Porous titanium scaffolds modified with Zeolitic Imidazolate Framework (ZIF-8) with enhanced osteogenic activity for the prevention of implant-associated infections

Valentina Di Matteo  1 Maria Francesca Di Filippo  2 Barbara Ballarin  1 Francesca Bonvicini  3 Maria Rosa Iaquinta  4 Silvia Panzavolta  2 Elisa Mazzoni  5   6 Maria Cristina Cassani  1
Affiliations

Porous titanium scaffolds modified with Zeolitic Imidazolate Framework (ZIF-8) with enhanced osteogenic activity for the prevention of implant-associated infections

Valentina Di Matteo et al. Front Chem. .

Abstract

In this study, zeolitic imidazolate framework 8 (ZIF-8) was coated on porous Ti6Al4V scaffolds, either bare or previously modified using hydroxyapatite (HA) or HA and gelatin (HAgel), via a growing single-step method in aqueous media using two contact times at 6 h and 24 h. The coated scaffolds termed ZIF-8@Ti, ZIF-8@HA/Ti, and ZIF-8@HAgel/Ti were characterized via scanning electron microscopy (SEM), powder X-ray diffraction (PXRD), attenuated total reflectance-Fourier transform infrared (ATR-FTIR), and molecular plasma-atomic emission spectroscopy (MP-AES). In order to assess the cell proliferation rate, the cytocompatibility of the scaffolds was evaluated in primary osteoblasts (hOBs) using alamarBlue assay, while the osteoconductivity was analyzed in hOBs using a real-time approach, evaluating the expression of secreted phosphoprotein 1 (SPP1). Osteopontin, which is the protein encoded by this gene, represents the major non-collagenous bone protein that binds tightly to HA. The scaffolds were shown to be non-cytotoxic based on hOB proliferation at all time points of analysis (24 h and 72 h). In hOB cultures, the scaffolds induced the upregulation of SPP1 with different fold changes.
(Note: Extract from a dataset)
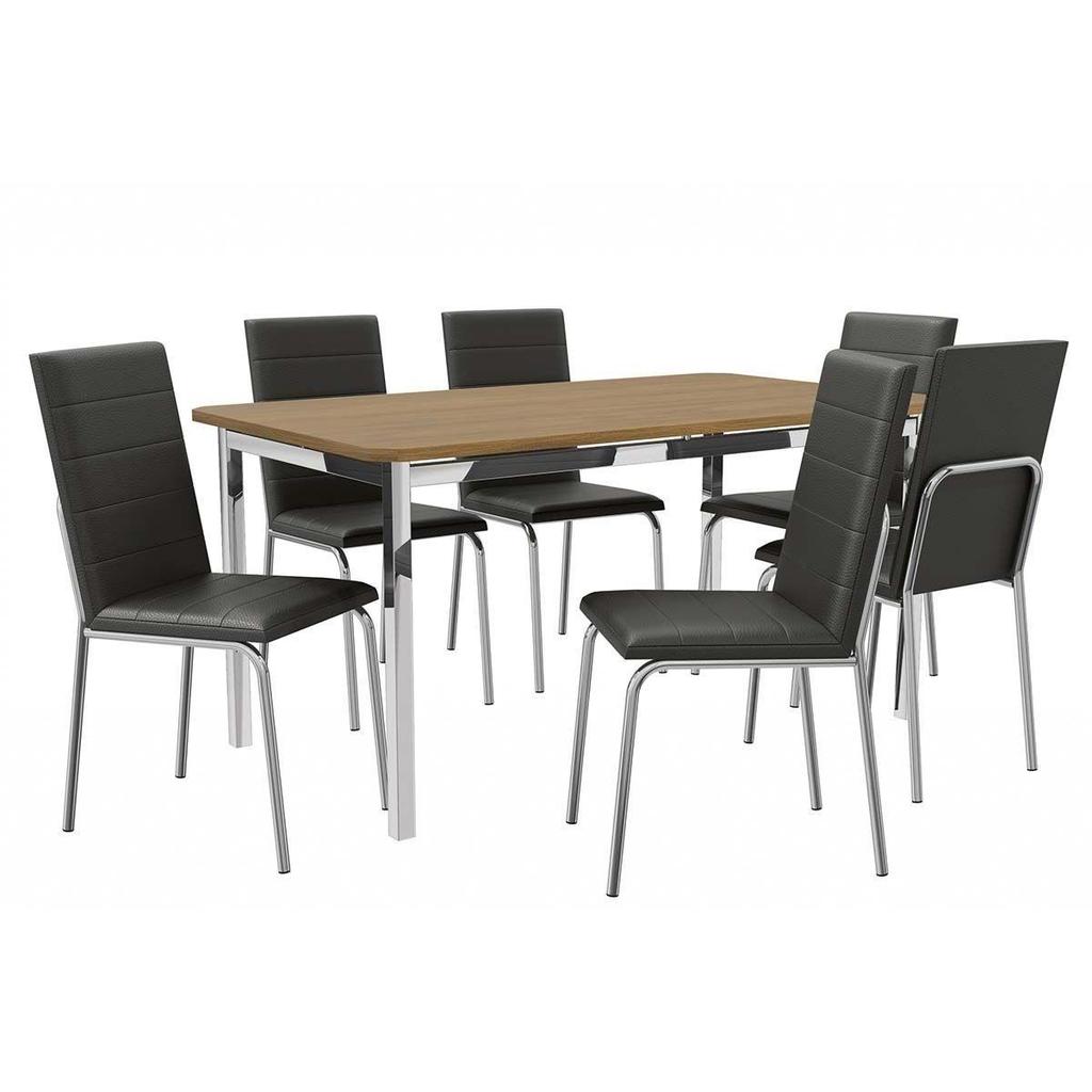 Mesa de Sala Jantar Reno c/ Tampo Madeira 160cm + 6 Cadeiras Amsterdã Cromada - Assento Preto 110 - Kappesberg

Some selected scaffolds were assayed in vitro for their antibacterial potential against Staphylococcus epidermidis; the scaffolds coated with ZIF-8 crystals, regardless of the presence of HA and gelatin, strongly inhibited bacterial adhesion to the materials and reduced bacterial proliferation in the culture medium, demonstrating the suitable release of ZIF-8 in a bioactive form. These experiments suggest that the innovative scaffolds, tested herein, provide a good microenvironment for hOB adhesion, viability, and osteoconduction with effective prevention of S. epidermidis adhesion.

Keywords: anti-adhesion properties; bacterial infections; gelatin-A; hydroxyapatite; osteoblasts; titanium scaffolds; zeolitic imidazolate framework-8 (ZIF-8).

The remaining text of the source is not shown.